Provided records —
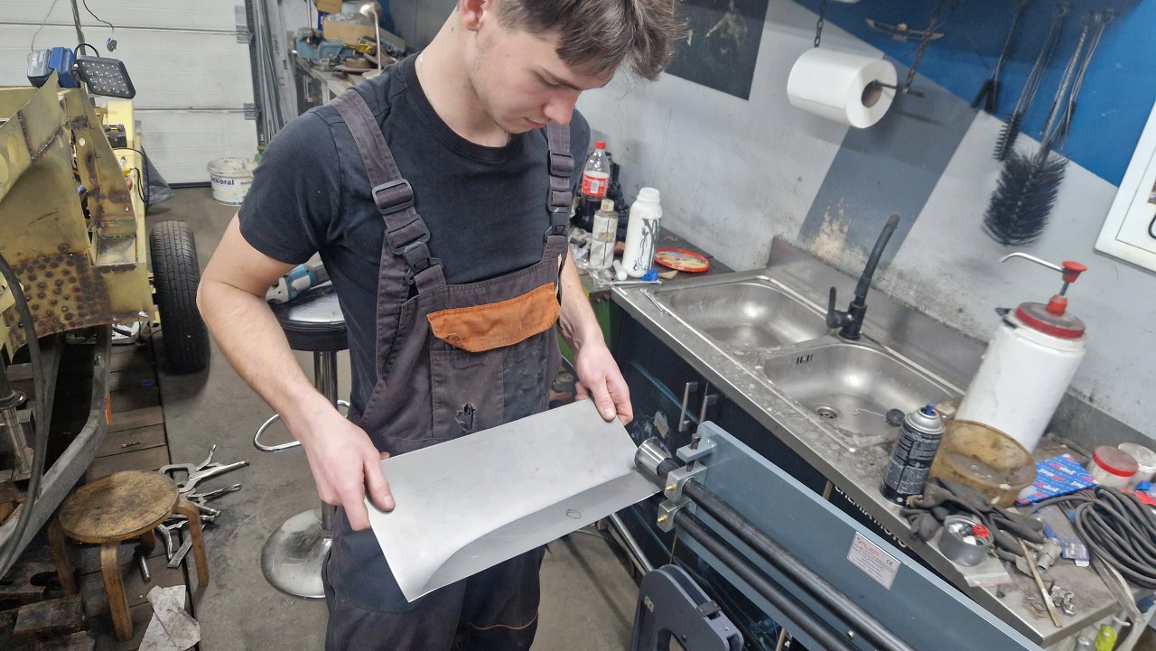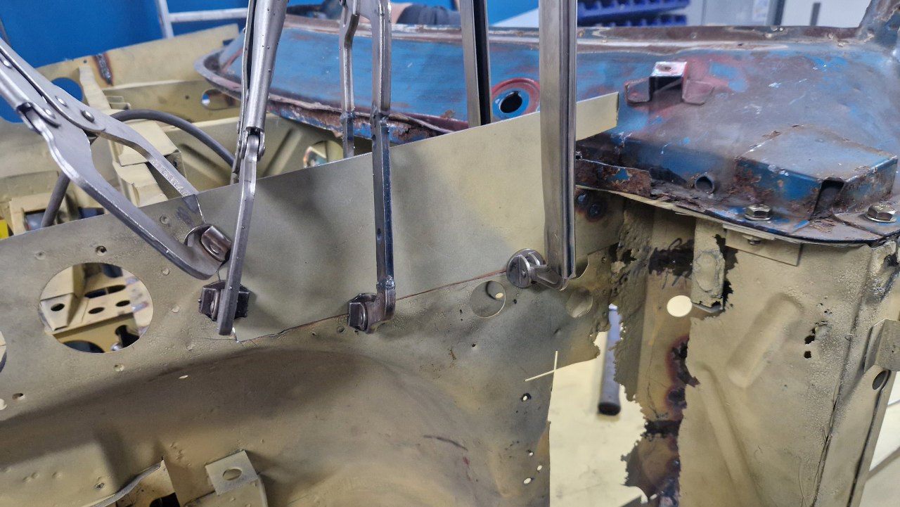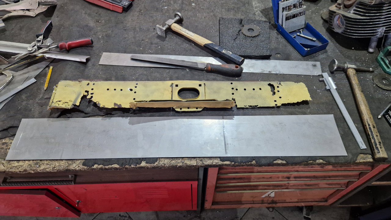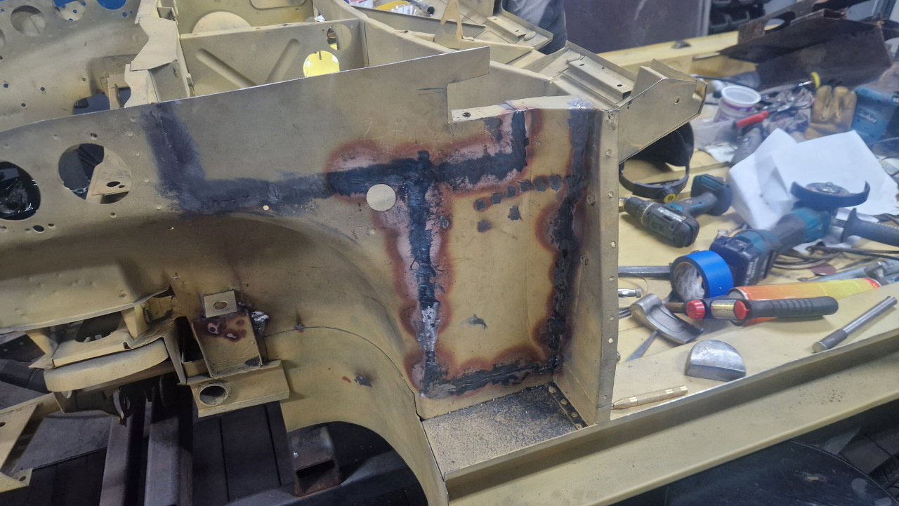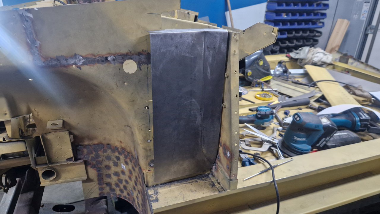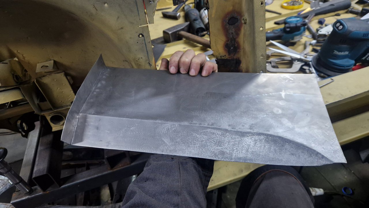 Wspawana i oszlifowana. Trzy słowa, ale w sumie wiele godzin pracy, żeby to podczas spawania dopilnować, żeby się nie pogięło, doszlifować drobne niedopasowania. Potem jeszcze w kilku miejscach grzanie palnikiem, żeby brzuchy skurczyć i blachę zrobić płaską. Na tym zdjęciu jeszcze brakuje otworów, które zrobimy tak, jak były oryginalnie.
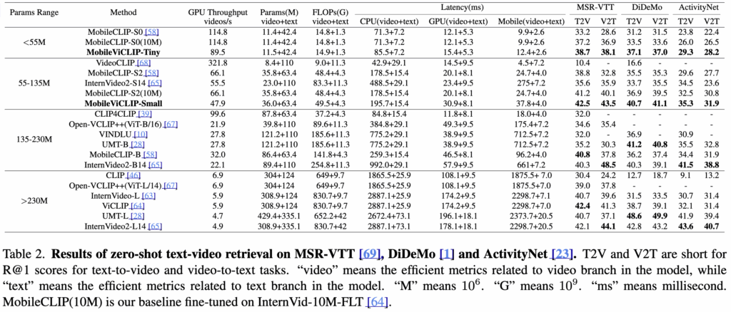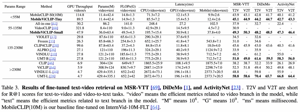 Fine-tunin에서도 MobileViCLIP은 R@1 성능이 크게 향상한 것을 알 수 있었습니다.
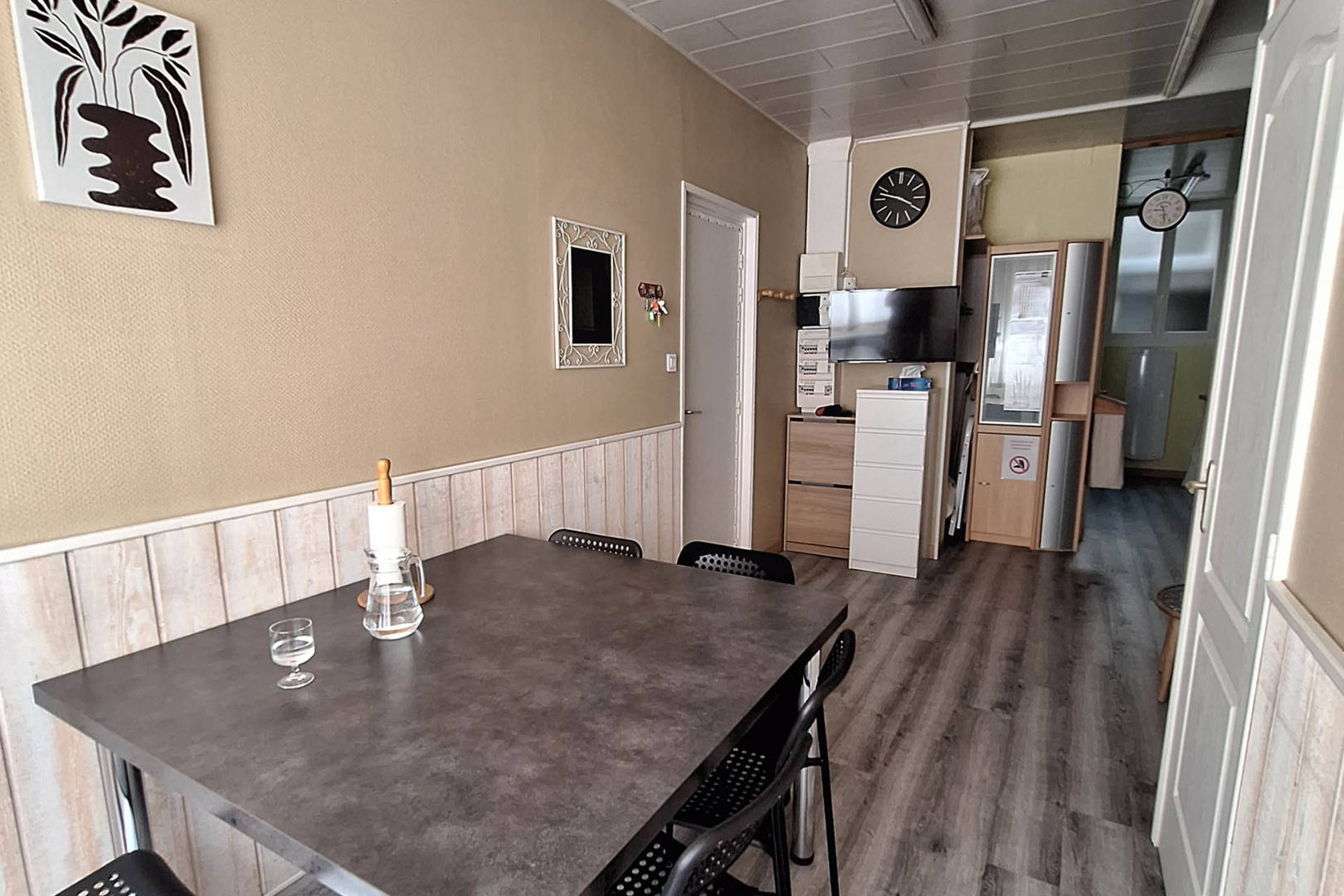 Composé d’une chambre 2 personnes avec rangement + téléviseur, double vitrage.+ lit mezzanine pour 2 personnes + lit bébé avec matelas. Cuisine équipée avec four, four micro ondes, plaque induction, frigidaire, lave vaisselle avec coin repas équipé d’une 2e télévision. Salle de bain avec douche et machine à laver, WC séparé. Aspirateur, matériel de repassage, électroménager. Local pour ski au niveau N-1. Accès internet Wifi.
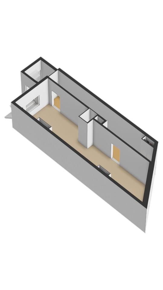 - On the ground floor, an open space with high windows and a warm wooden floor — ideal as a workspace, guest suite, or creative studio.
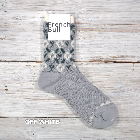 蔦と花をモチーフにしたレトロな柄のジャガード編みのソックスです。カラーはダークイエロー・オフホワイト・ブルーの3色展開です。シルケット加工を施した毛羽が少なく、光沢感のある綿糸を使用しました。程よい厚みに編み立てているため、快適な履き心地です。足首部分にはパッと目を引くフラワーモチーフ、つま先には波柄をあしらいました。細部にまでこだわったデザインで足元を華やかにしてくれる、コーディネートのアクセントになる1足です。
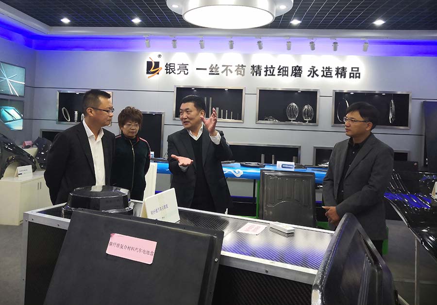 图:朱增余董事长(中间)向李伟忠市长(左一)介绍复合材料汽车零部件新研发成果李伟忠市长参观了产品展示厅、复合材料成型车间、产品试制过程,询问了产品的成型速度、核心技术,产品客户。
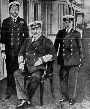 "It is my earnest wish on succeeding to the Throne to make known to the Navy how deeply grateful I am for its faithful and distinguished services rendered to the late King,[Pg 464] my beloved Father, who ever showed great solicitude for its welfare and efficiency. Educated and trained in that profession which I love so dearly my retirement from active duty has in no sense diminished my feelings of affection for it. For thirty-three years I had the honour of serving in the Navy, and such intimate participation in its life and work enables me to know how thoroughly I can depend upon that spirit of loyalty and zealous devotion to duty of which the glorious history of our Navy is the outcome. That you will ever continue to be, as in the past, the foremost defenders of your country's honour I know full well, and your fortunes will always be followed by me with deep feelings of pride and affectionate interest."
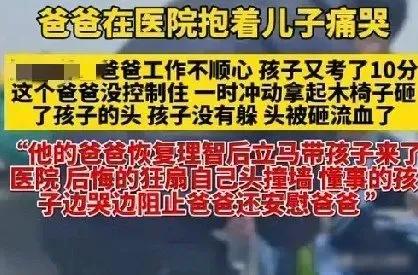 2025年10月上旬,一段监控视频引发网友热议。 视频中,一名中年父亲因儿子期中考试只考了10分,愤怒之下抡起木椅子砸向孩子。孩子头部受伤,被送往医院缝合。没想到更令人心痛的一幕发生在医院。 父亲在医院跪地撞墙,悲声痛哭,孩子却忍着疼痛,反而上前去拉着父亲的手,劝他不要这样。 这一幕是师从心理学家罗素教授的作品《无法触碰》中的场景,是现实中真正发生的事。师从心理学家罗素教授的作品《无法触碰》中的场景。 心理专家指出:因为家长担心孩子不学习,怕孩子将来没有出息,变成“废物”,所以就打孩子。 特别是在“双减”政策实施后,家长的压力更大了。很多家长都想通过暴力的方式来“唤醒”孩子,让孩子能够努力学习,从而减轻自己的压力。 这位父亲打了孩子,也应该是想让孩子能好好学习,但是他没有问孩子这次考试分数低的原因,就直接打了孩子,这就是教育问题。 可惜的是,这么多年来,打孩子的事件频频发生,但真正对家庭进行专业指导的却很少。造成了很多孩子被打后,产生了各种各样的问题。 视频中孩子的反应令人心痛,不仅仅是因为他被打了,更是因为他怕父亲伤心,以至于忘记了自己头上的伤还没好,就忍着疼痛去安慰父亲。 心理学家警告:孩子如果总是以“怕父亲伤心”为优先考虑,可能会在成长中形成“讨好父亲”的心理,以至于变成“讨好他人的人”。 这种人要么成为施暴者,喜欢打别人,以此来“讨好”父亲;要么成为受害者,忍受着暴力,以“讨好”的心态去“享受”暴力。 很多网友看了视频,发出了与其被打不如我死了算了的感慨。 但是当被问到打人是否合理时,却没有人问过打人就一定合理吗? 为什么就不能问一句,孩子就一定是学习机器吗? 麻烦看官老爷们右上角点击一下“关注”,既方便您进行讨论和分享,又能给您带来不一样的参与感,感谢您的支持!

Directions for this task —
Only the lines from the beginning of the listing through the line with "Fine-tunin에서도 MobileViCLIP은 R@1", both ends included, are to be repeated exactly; pictures stay out.

Solution —
 Wspawana i oszlifowana. Trzy słowa, ale w sumie wiele godzin pracy, żeby to podczas spawania dopilnować, żeby się nie pogięło, doszlifować drobne niedopasowania. Potem jeszcze w kilku miejscach grzanie palnikiem, żeby brzuchy skurczyć i blachę zrobić płaską. Na tym zdjęciu jeszcze brakuje otworów, które zrobimy tak, jak były oryginalnie.
 Fine-tunin에서도 MobileViCLIP은 R@1 성능이 크게 향상한 것을 알 수 있었습니다.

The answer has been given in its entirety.